Auch methodisch hätte diese Frage auf der Grundlage der Arbeiten Bourdieus gestellt werden können. Reinhardt nutzt zwar den kritischen Ansatz Bourdieus zur Analyse der sozialdemokratischen Milieuentwicklung und bestimmt den Habitus der interviewten Politiker. Aber dessen kritische Arbeit zum politischen Feld nimmt er nicht zur Kenntnis.[1] Hier hätte er viel grundsätzlicher die Aktionsfelder und Funktionsmechanismus der SPD als Partei unter anderen in einer parlamentarischen, repräsentativen Demokratie untersuchen können.
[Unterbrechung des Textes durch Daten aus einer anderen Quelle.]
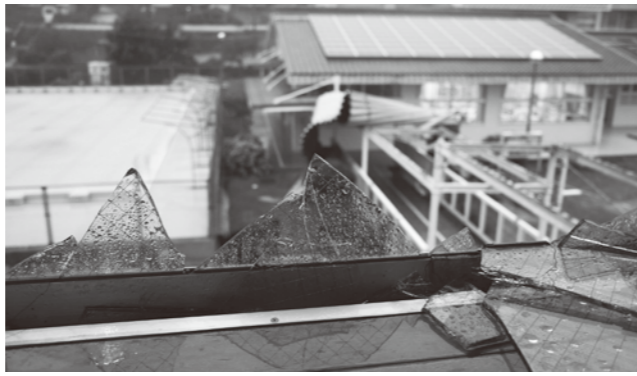
渡り廊下の屋根が吹き飛び体育館の窓ガラスを破損(=富岡小、25日7時頃)

8月24日▼午後5時、自主避難所開設(避難者数最大=39人、24日)▼午後6時46分、暴風・波浪警報発令(25日13:38同解除)▼午後10時48分、大雨・洪水警報発令(25日10:38同解除)▼最大瞬間風速46.7m▼雨量87mm▼倒木…7カ所(25日)▼落石…1カ所▼ケーブル類の断線・垂れ下がり…町内各所▼停電による水道施設異常▼公共施設…屋根、窓ガラス破損数カ所▼停電…最大1,000戸/5,200戸(九州電力株情報、27日全復旧)▼人的被害なし
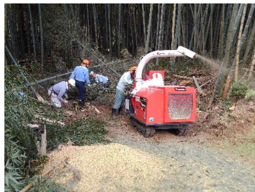
【なめりかわ森づくりクラブ】 竹林整備と竹のチップ化 （滑川市中野地内）
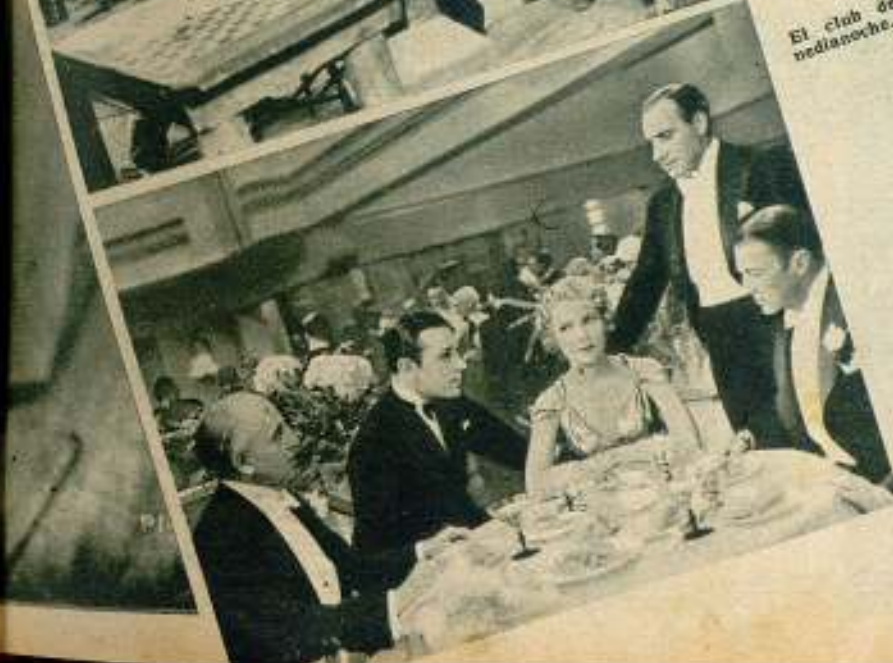
«El club de medianoche.»
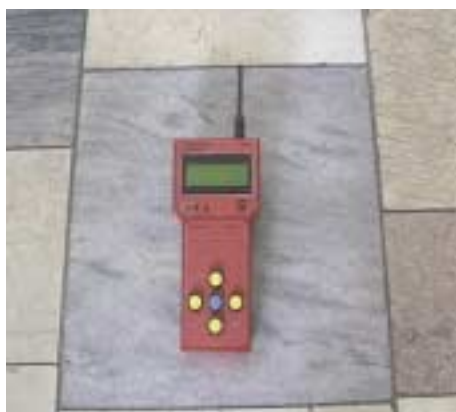
Abb. 3.3.1/2j): Fa. Selectronic, Handzentrale
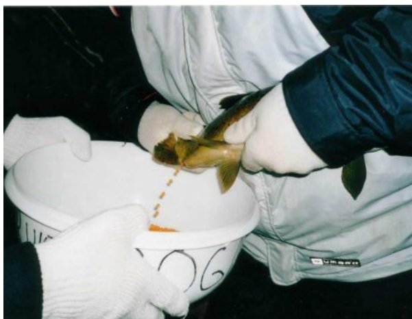
Neste generasjon sikres 2001
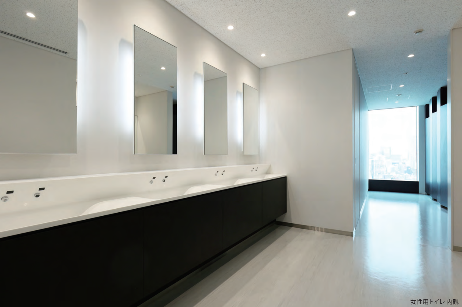
女性用トイレ 内観
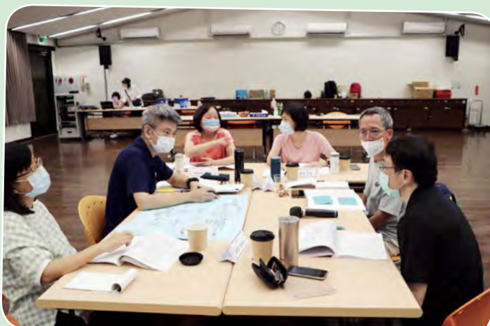
分組討論、熱烈交流中。
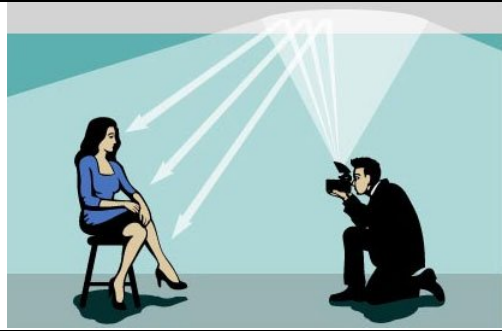
Luce Flash riflessa a soffitto
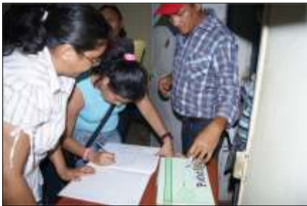
Momentos de la votación secreta y firma del acta, para elección de comité organizador de FUNDAVOZ

alternativa; posteriormente se hizo entrega de certificados de curso sobre fotografía, dictado por FUNDAVOZ y avalado por el MINCI el pasado mes de Mayo, se procedió a las postu-laciones de personas presentes para luego ir a la elección secreta y directa.
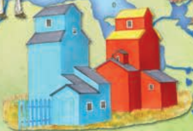
Silozuri pentru cereale
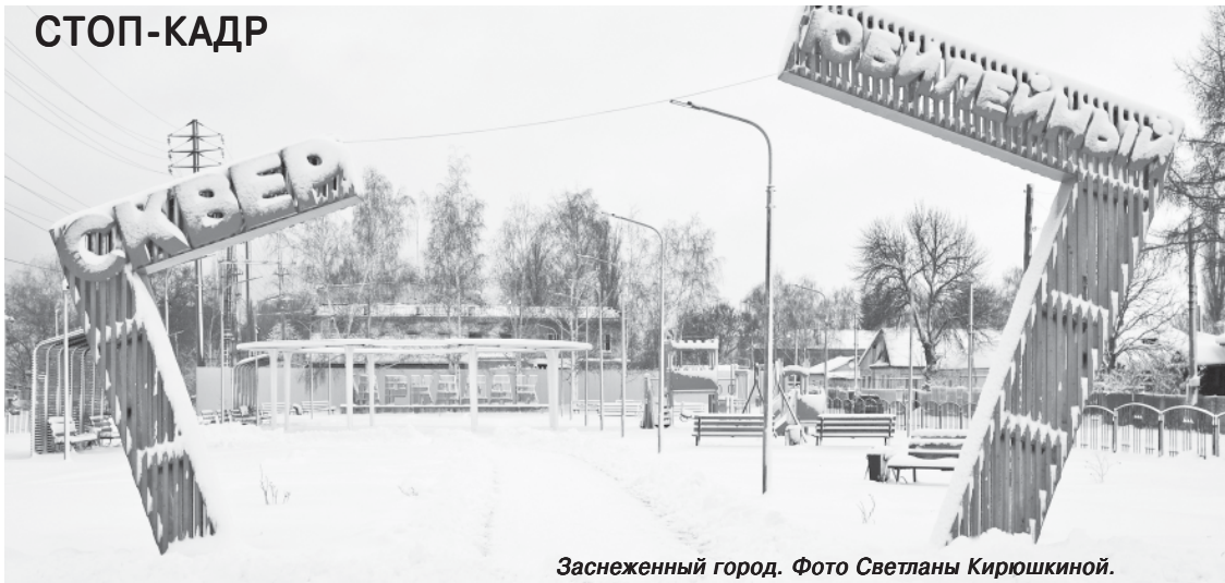
Заснеженный город.
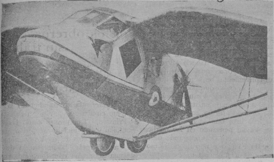
Los monstruos del aire. El «Pterodactyle», nuevo avión de construcción inglesa que por su forma extraña hace pensar en los primeros monstruos de las épocas prehistóricas
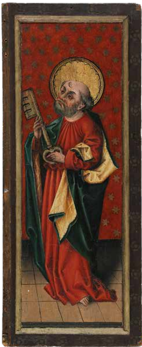
Werkstatt Michael Wolgemut: Hl. Petrus 1483
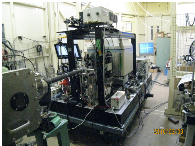
DACを用いた(レーザー加熱)超高压回折実験装置

50 keV, 30 keV, 14.4 keV の3種類の単色光が使用でき、PF-ARの単バンチ運転を利用したメスバウアー散乱実験のために、通常の光学系に高分解能分光器を挿入して14.4 keVの光を準超単色化する仕組みが整備されています。実験装置はYAGレーザー加熱光学系を備えたDAC実験ステージと、低温高磁場下での高圧実験ができる低温クライオスタットが整備されています。ビームタイム期間中には、DACによる(レーザー加熱)超高压回折実験の他に、超伝導マグネットを用いた超伝導体の高圧下メスバウアー実験や、表面・界面のメスバウアー実験、S型課題の単結晶高圧構造解析など実験手法・装置の異なる課題が混在しています。そのため、実験装置の入れ換えや光学系調整に掛かる時間を短くするために、ユーザーへの希望調査時に前もって大凡の割り当て期間を伝えるなどの工夫をしています。
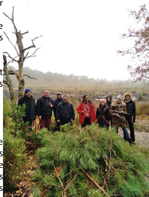
Chantier nature avec le personnel du château Lafite.

Il est plus judicieux de continuer à proposer ce type d'activité à des associations ou à des groupes d'étudiants afin d'agir dans le cadre de journée environnement, d'une réinsertion ou dans le cadre des études (lycée agricole, MFR...). C'est ce que nous
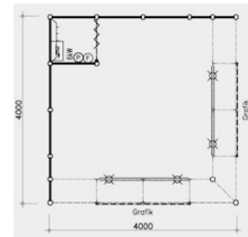
Musterstand 16m 2
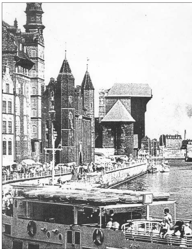
Hafen in Danzig mit dem Krantor
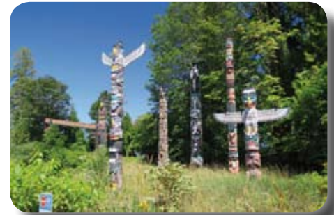
Totem dans le Stanley Park à Vancouver

L'Alaska nous a frappés par tous ses rivages ourlés, ses arbres qui vivent dans la brume, ses cascades nombreuses tout le
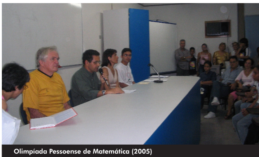
Olimpíada Pessoense de Matemática (2005)

cursos da área de Saúde - Medicina, Odontologia, Farmácia, Enfermagem, Nutrição e Fisioterapia. O ERI foi criado visando favorecer a integração entre o aparelho formador e os serviços de saúde, com a implementação dos programas de extensão e de cobertura de assistência primária à população. Tem funcionado ininterruptamente, inicialmente associado ao Programa de Interiorização das Ações de Saúde e Saneamento - PIASS e atualmente ao Sistema Único de Saúde - SUS. O ERI tem convênio com nove prefeituras municipais. Ainda na área de Saúde, o Programa Interdisciplinar de Ação Comunitária da PRAC, junto com a Direção Executiva Nacional de Estudantes de Medicina - DENEM, os Centros e Diretórios Acadêmicos e a AGEMTE (Assessoria de Grupo Especializada Multidisciplinar em Tecnologia e Extensão) vem desenvolvendo, desde 2000, o Estágio de Vivência em Comunidades, buscando alternativas para a melhoria da qualidade de vida com metodologias participativas. Ao mesmo tempo, a inserção dos estudantes nas comunidades tem favorecido a melhoria da qualidade do ensino de graduação. Recentemente o Ministério da Saúde criou o Programa VER-SUS EXTENSÃO para apoiar Estágios Regionais Inter-profissionais e Vivências em Educação Popular no SUS, no qual os dois programas da UFPB estão contemplados.
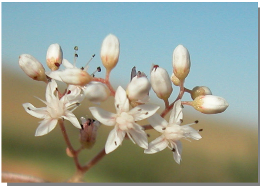
S. album . Detalle de la inflorescencia
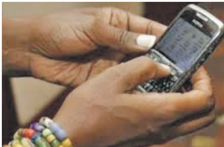
La communication coûte cher

Pour les consommateurs de ces services, cette décision n'est pas la bienvenue quand on sait pertinemment bien que le vécu quotidien de bien des Congolais pose problème, quand déjà on a du mal à nouer les deux

Er hätte daraus die Mechanismen ableiten können, die den notorischen Konformismus der Sozialdemokratie hervorbringen und der sich natürlich auch in den Biographien ihrer Führung niederschlägt. Die Rekrutierungsmechanismen, die soziale Lebenswelt, die politischen Handlungsmechanismen gleichen sich im Laufe der Zeit immer weiter aneinander an, so dass die Parteien sich auch von ihren Repräsentanten her immer mehr ähneln und programmatische Unterschiede deshalb von ihnen nicht mehr lebensweltlich erfahren und gelebt werden. Diesen Prozess einer rapiden Angleichung haben wir in den letzten 30 Jahren an der einstmaligen "Anti-Parteien-Partei" der Grünen nachvollziehen können, von deren Grundsätzen "basisdemokratisch, ökologisch, sozial und gewaltfrei" lediglich in gewissem Umfang der ökologische übergeblieben ist. Und wir können sicher sein, dass wir dasselbe auf Bundesebene auch bei der PDL erleben werden.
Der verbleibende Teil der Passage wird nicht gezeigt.